The shop at the Grand Canyon was, not surprisingly, filled with beautiful photographs of the canyon, reproduced on everything from playing cards to posters.  But to me, the coolest item was a bandana printed with wilderness survival tips.  And all proceeds go to benefiting the park.

It’s time to pack up and begin the drive from Gallup, New Mexico to Elk City, Oklahoma.  Will check in again soon.

 

People Places

But before I go…

April 26, 2017

It’s almost time to go.  To start what hopefully will be a great adventure.  And while I am regularly having moments where I am so excited that I can hardly stay in my shoes, there is also a bittersweet side to the journey.  And that is having to say some goodbyes.

In fact, saying farewells is my only real worry about my upcoming travels.  For it seems that it doesn’t take long, when you get to a place, to set down roots and make friends you want to keep forever.

It happened when I traveled and lived abroad in my youth.  More recently I experienced it when I went back to live in my hometown for a few years.  And now, after only fourteen months here in the marina, I’m finding it sad to leave, to say goodbye, even if it’s just for a while.

“Home is wherever you hang your hat” is one of my favorite expressions.

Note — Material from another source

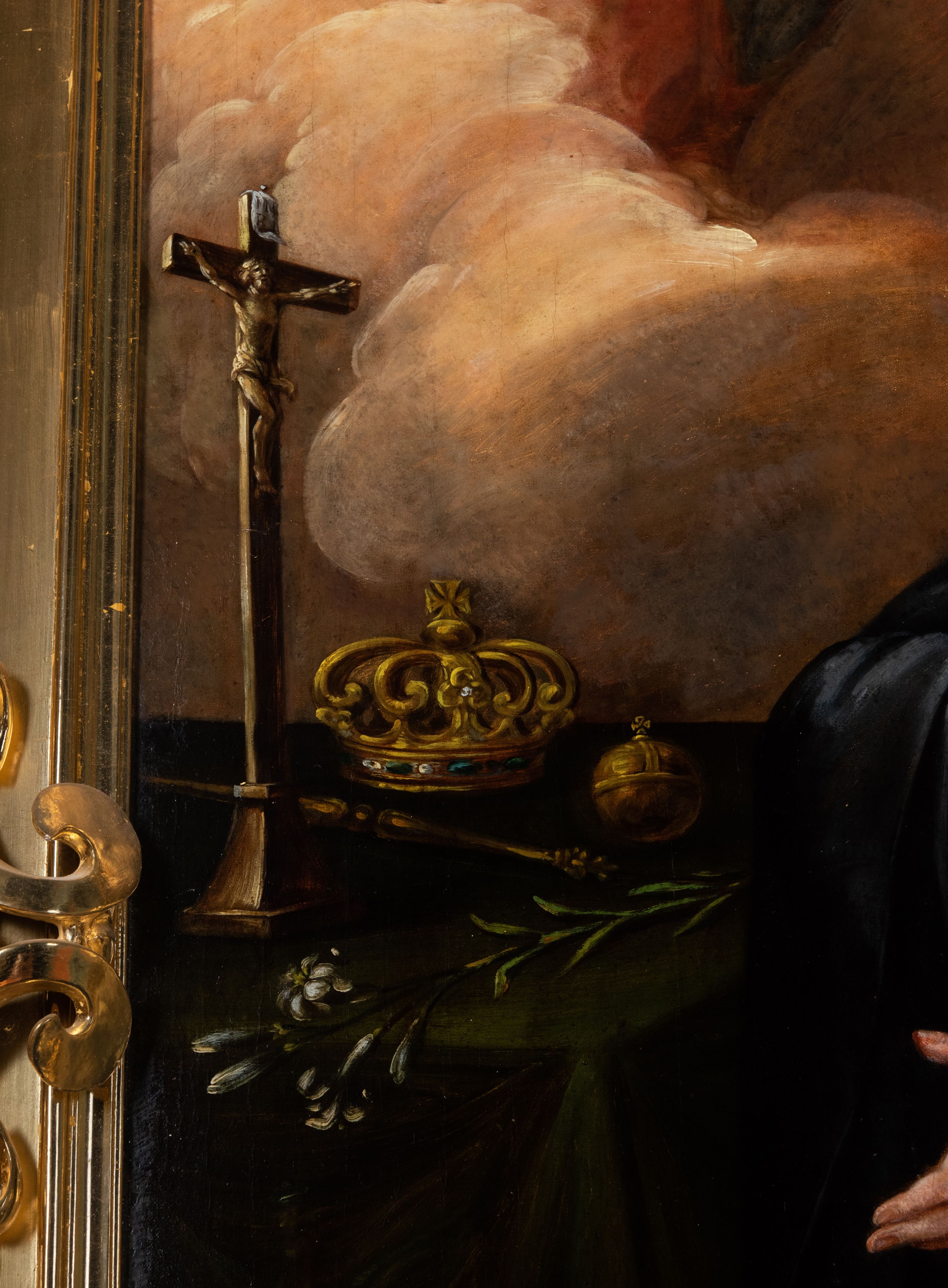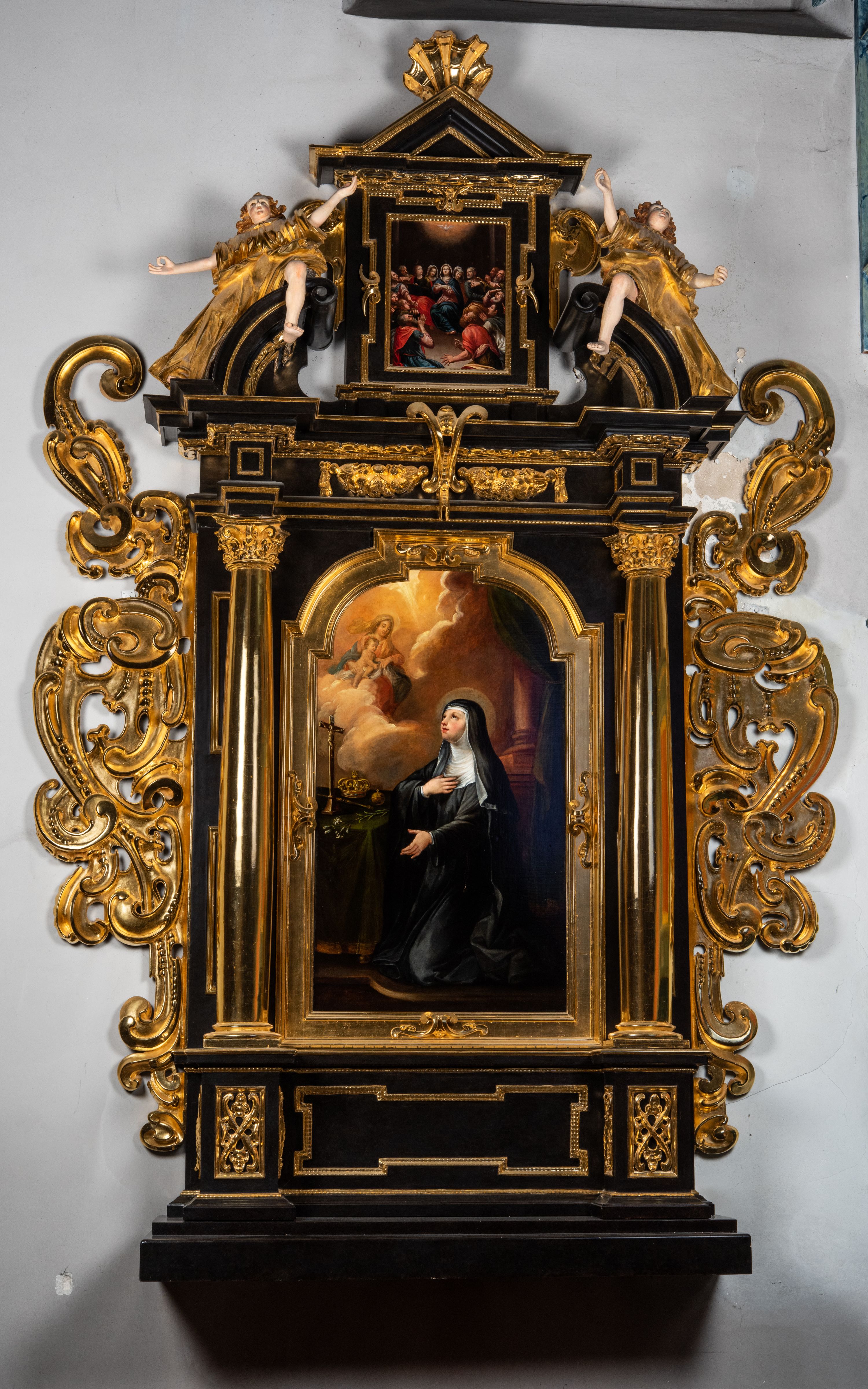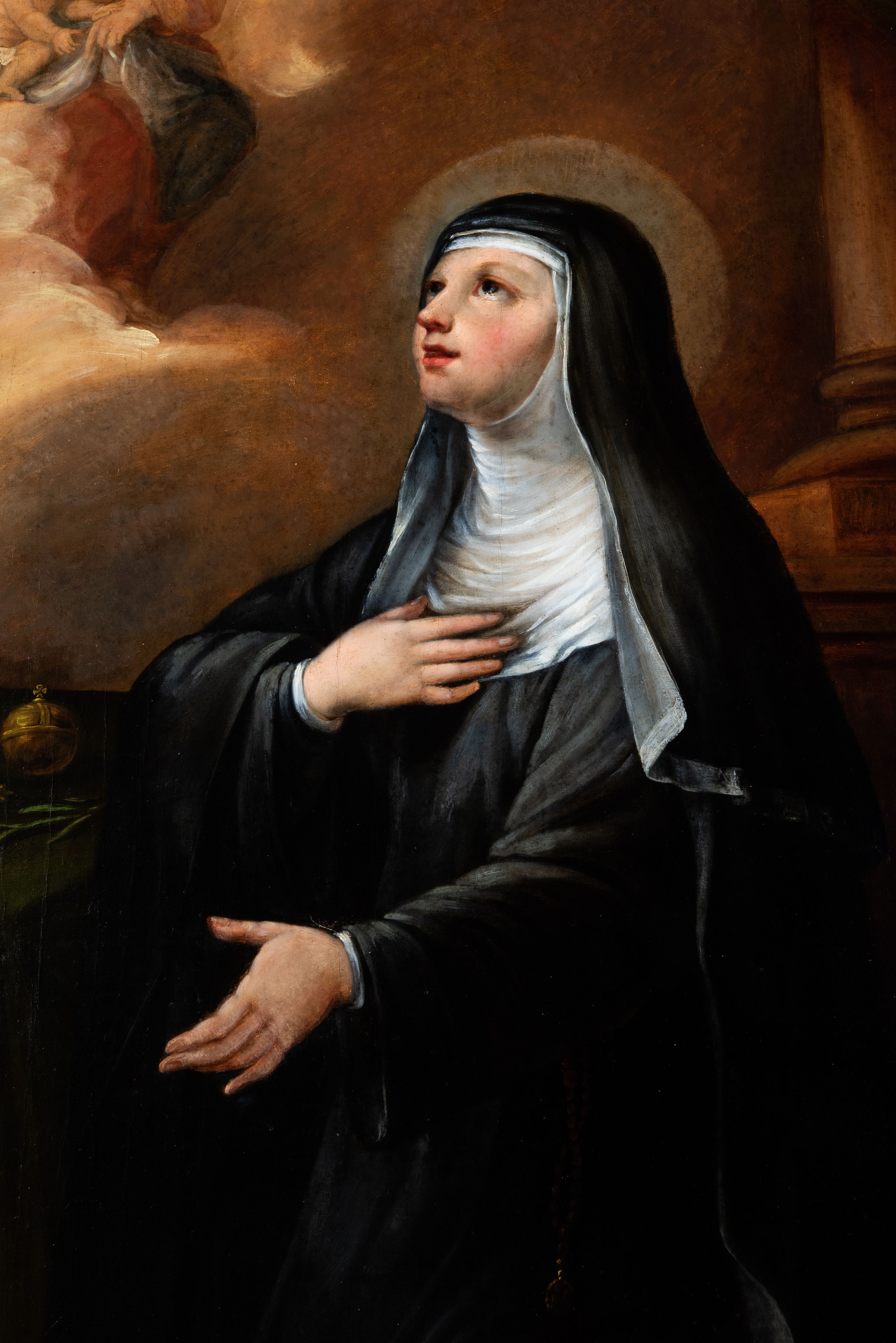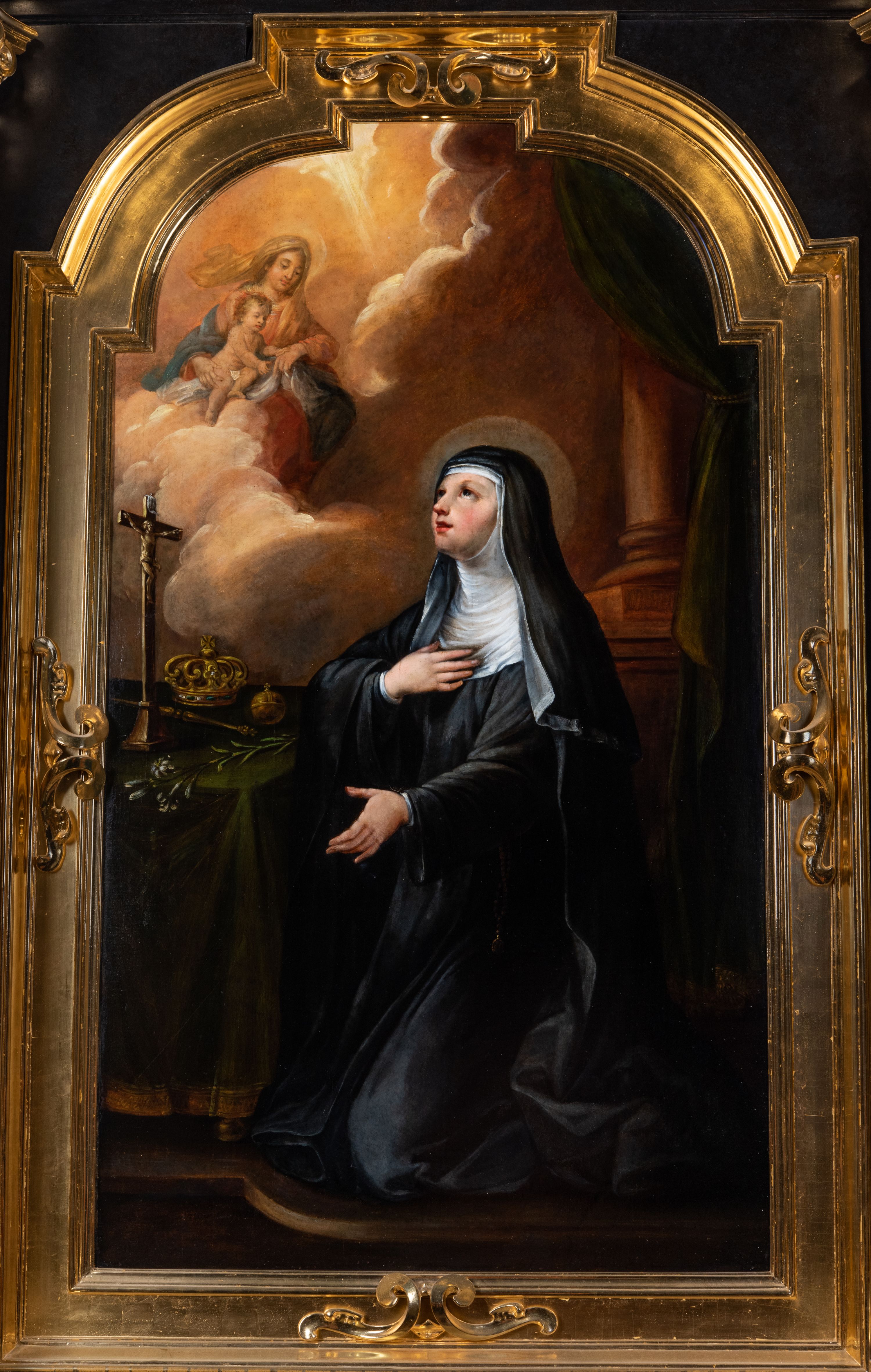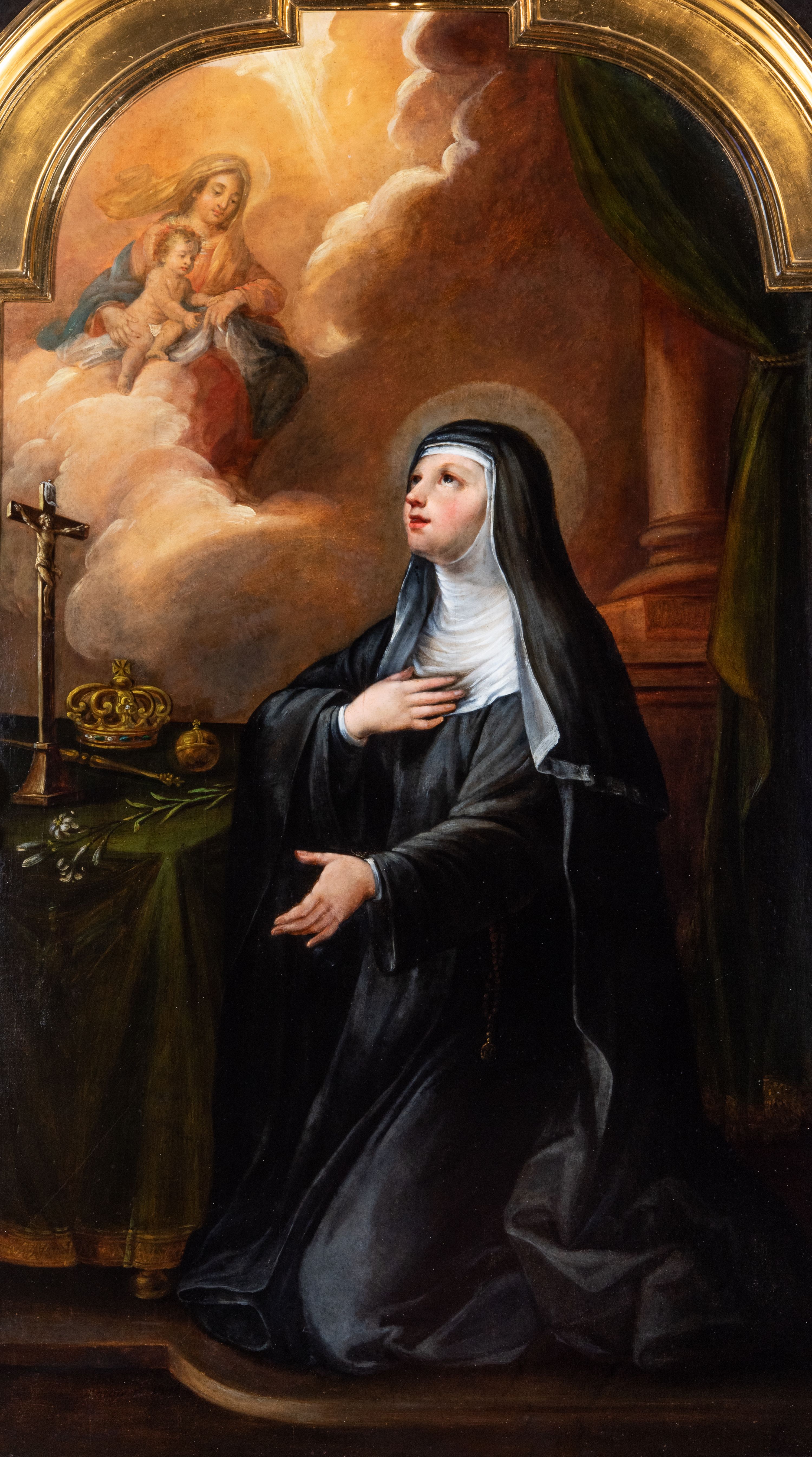 Obraz w kształcie stojącego prostokąta zamkniętego łukiem półkolistym, nadwieszonym, z występem. Święta ukazana w całej postaci, w pozycji klęczącej, w trzech czwartych. Ubrana jest w czarny habit i białą podwikę. Jej twarz jest pełna, nos długi, usta czerwone, lekko otwarte, oczy otwarte. Prawą rękę składa na piersi, lewą opuszcza w dół. Spogląda w kierunku Matki Boskiej z Dzieciątkiem wyłaniającej się z chmur. Przed nią stolik nakryty zieloną tkaniną ze złotym obszyciem, na którym znajdują się krucyfiks, korona zamknięta, berło, jabłko i lilia. W tle kolumna na postumencie i fragment kotary.

It has always reassured me, when I have given into my wanderlust, and uprooted myself from someplace, that I wasn’t really changing anything fundamental about my life.  Just my surroundings would be different.  I wasn’t losing anything.  Turns out, that’s not exactly the case.

While I know that an exciting new chapter of my life awaits, I can’t help but feel the loss of this cozy little home I’ve had for the last year.  It seems incomprehensible that the people and things which are currently part of my little world, my routine, are shortly to disappear from my daily life.

I will miss lunchtime swims with web designer extraordinaire Theresa Galido, where talk of work or anything stressful is strictly verboten.  I will miss the sinfully delicious aromas continuously wafting from chef Derrick Fox’s apartment two doors down.  I will miss hearing the breathtakingly beautiful voice of Samantha Fly rehearsing a song next door.  I will miss the joyful greetings from Rocco, Piper and Rebel, my neighbor dogs, whom I see almost daily in the hallway with their human moms, all of whom are amazing, warm and wonderful women I am honored to call my friends.

C.W. Gusewelle, a legendary columnist for The Kansas City Star, once wrote, “Home can be more places than one.  The pity is having to choose.”  So very true.  I would only add that it is a blessing to have such a problem.

It is the people, the community, that make a place a home.  And though it is tough to say goodbye, it gives me comfort to know that, just as I have in the past, when I find myself back in this corner of the world, I will reconnect with these dear friends, and I shall be home.  So while I still firmly believe in the adage that home is wherever you hang your hat, life has shown me that there is more to it than that.  Home is wherever you find loved ones.